Assignment: With the pictures left out, transcribe exactly the lines from the one with "Siyah deri, kilitli" through the end of the data.

Source data:
○ ○ ○ ○ ○
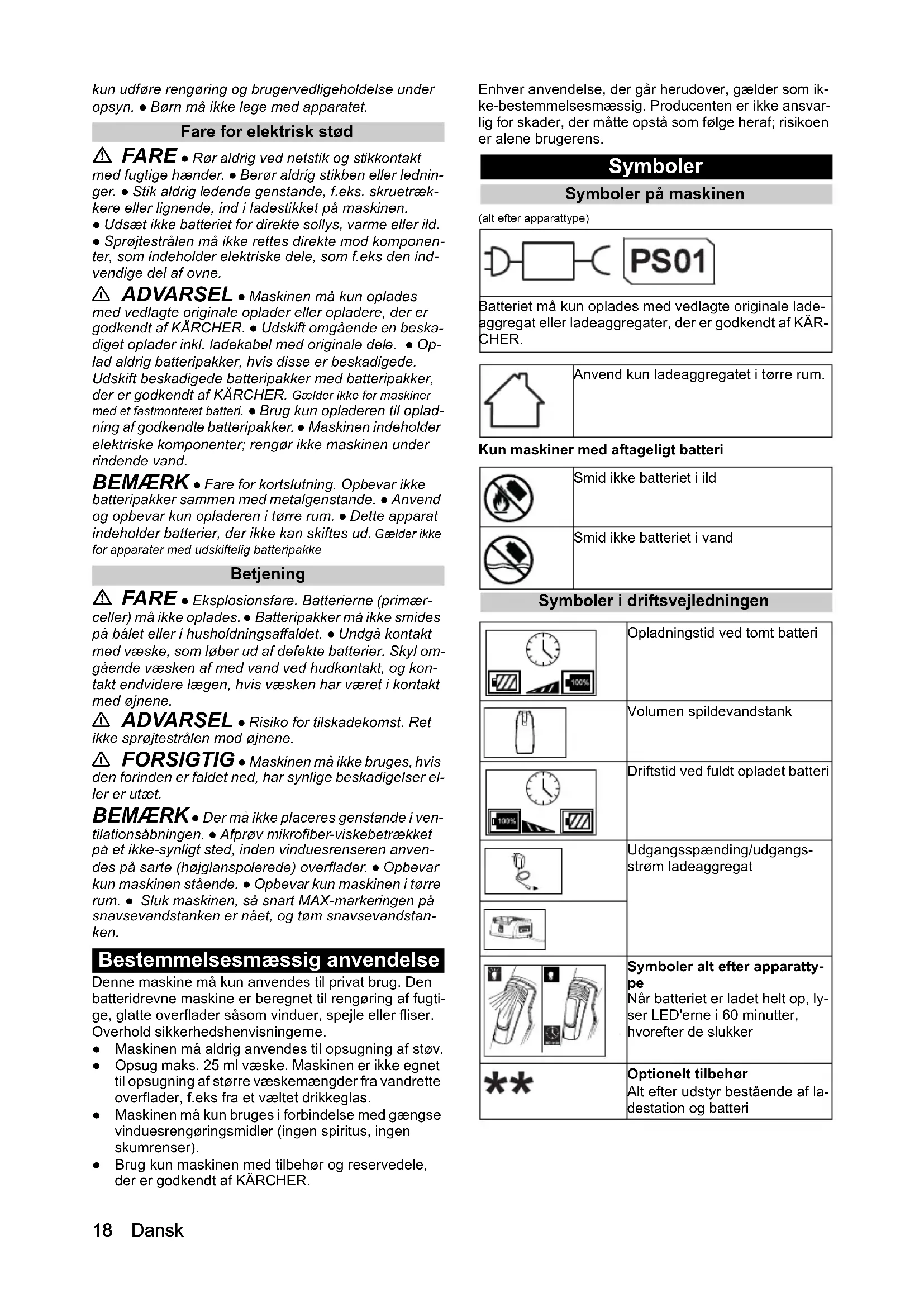 +18 Dansk kun udføre rengøring og brugervedligeholdelse under opsyn. ● Børn må ikke lege med apparatet. Fare for elektrisk stød FARE ● Rør aldrig ved netstik og stikkontakt med fugtige hænder. ● Berør aldrig stikben eller lednin- ger. ● Stik aldrig ledende genstande, f.eks. skruetræk- kere eller lignende, ind i ladestikket på maskinen. ● Udsæt ikke batteriet for direkte sollys, varme eller ild. ● Sprøjtestrålen må ikke rettes direkte mod komponen- ter, som indeholder elektriske dele, som f.eks den ind- vendige del af ovne. 몇 ADVARSEL ● Maskinen må kun oplades med vedlagte originale oplader eller opladere, der er godkendt af KÄRCHER. ● Udskift omgående en beska- diget oplader inkl. ladekabel med originale dele. ● Op- lad aldrig batteripakker, hvis disse er beskadigede. Udskift beskadigede batteripakker med batteripakker, der er godkendt af KÄRCHER. Gælder ikke for maskiner med et fastmonteret batteri. ● Brug kun opladeren til oplad- ning af godkendte batteripakker. ● Maskinen indeholder elektriske komponenter; rengør ikke maskinen under rindende vand. BEMÆRK ● Fare for kortslutning. Opbevar ikke batteripakker sammen med metalgenstande. ● Anvend og opbevar kun opladeren i tørre rum. ● Dette apparat indeholder batterier, der ikke kan skiftes ud. Gælder ikke for apparater med udskiftelig batteripakke Betjening FARE ● Eksplosionsfare. Batterierne (primær- celler) må ikke oplades. ● Batteripakker må ikke smides på bålet eller i husholdningsaffaldet. ● Undgå kontakt med væske, som løber ud af defekte batterier. Skyl om- gående væsken af med vand ved hudkontakt, og kon- takt endvidere lægen, hvis væsken har været i kontakt med øjnene. 몇 ADVARSEL ● Risiko for tilskadekomst. Ret ikke sprøjtestrålen mod øjnene. 몇 FORSIGTIG ● Maskinen må ikke bruges, hvis den forinden er faldet ned, har synlige beskadigelser el- ler er utæt. BEMÆRK ● Der må ikke placeres genstande i ven- tilationsåbningen. ● Afprøv mikrofiber-viskebetrækket på et ikke-synligt sted, inden vinduesrenseren anven- des på sarte (højglanspolerede) overflader. ● Opbevar kun maskinen stående. ● Opbevar kun maskinen i tørre rum. ● Sluk maskinen, så snart MAX-markeringen på snavsevandstanken er nået, og tøm snavsevandstan- ken. Bestemmelsesmæssig anvendelse Denne maskine må kun anvendes til privat brug. Den batteridrevne maskine er beregnet til rengøring af fugti- ge, glatte overflader såsom vinduer, spejle eller fliser. Overhold sikkerhedshenvisningerne. ● Maskinen må aldrig anvendes til opsugning af støv. ● Opsug maks. 25 ml væske. Maskinen er ikke egnet til opsugning af større væskemængder fra vandrette overflader, f.eks fra et væltet drikkeglas. ● Maskinen må kun bruges i forbindelse med gængse vinduesrengøringsmidler (ingen spiritus, ingen skumrenser). ● Brug kun maskinen med tilbehør og reservedele, der er godkendt af KÄRCHER. Enhver anvendelse, der går herudover, gælder som ik- ke-bestemmelsesmæssig. Producenten er ikke ansvar- lig for skader, der måtte opstå som følge heraf; risikoen er alene brugerens. Symboler Symboler på maskinen (alt efter apparattype) Kun maskiner med aftageligt batteri Symboler i driftsvejledningen Batteriet må kun oplades med vedlagte originale lade- aggregat eller ladeaggregater, der er godkendt af KÄR- CHER. Anvend kun ladeaggregatet i tørre rum. Smid ikke batteriet i ild Smid ikke batteriet i vand Opladningstid ved tomt batteri Volumen spildevandstank Driftstid ved fuldt opladet batteri Udgangsspænding/udgangs- strøm ladeaggregat Symboler alt efter apparatty-
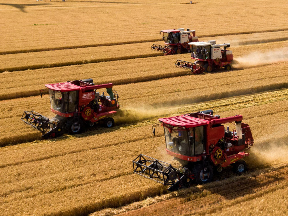6月5日,河南滑縣種糧大戶杜煥永組織農(nóng)業(yè)機(jī)械搶收小麥?;h縣委宣傳部供圖
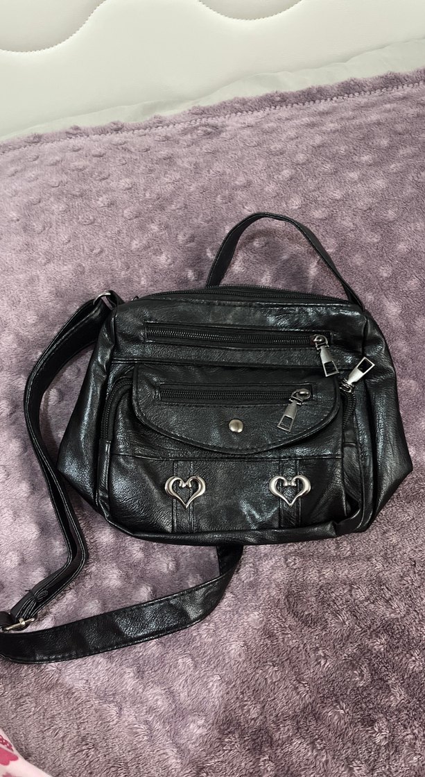 Siyah deri, kilitli detaylı, çoklu fermuarlı bölmeleri olan gotik tarzda kadın çantası. Günlük kullanıma uygun, rock punk havasında. Hiç kullanılmamıştır.
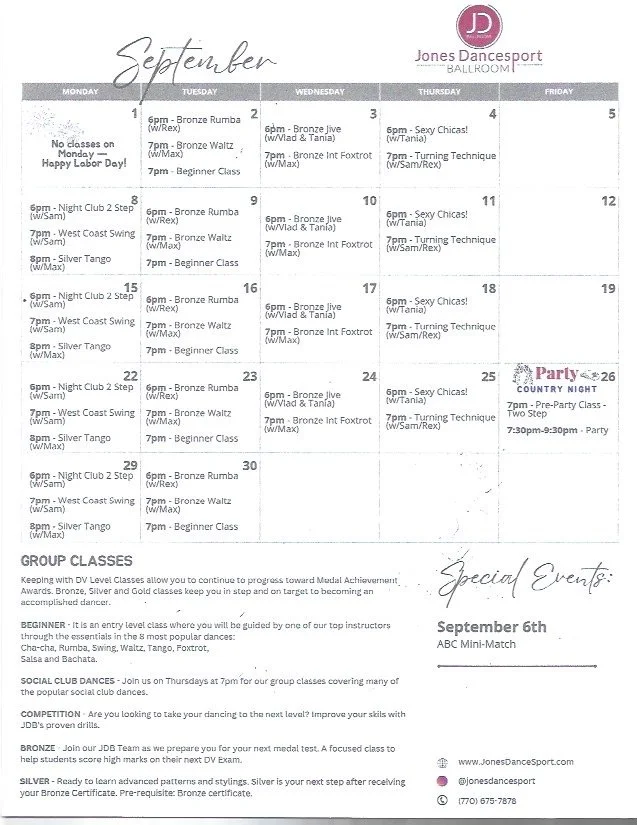 Jump Start - This entry level class focuses on basic steps and basic timing. Recommended for beginners, it offers the best starting place to learn the 8 most popular dances: cha-cha, rumba, swing, waltz, tango, foxtrot, salsa, and merengue.
○ ○ ○ ○ ○
Exercise output:
 Siyah deri, kilitli detaylı, çoklu fermuarlı bölmeleri olan gotik tarzda kadın çantası. Günlük kullanıma uygun, rock punk havasında. Hiç kullanılmamıştır.
 Jump Start - This entry level class focuses on basic steps and basic timing. Recommended for beginners, it offers the best starting place to learn the 8 most popular dances: cha-cha, rumba, swing, waltz, tango, foxtrot, salsa, and merengue.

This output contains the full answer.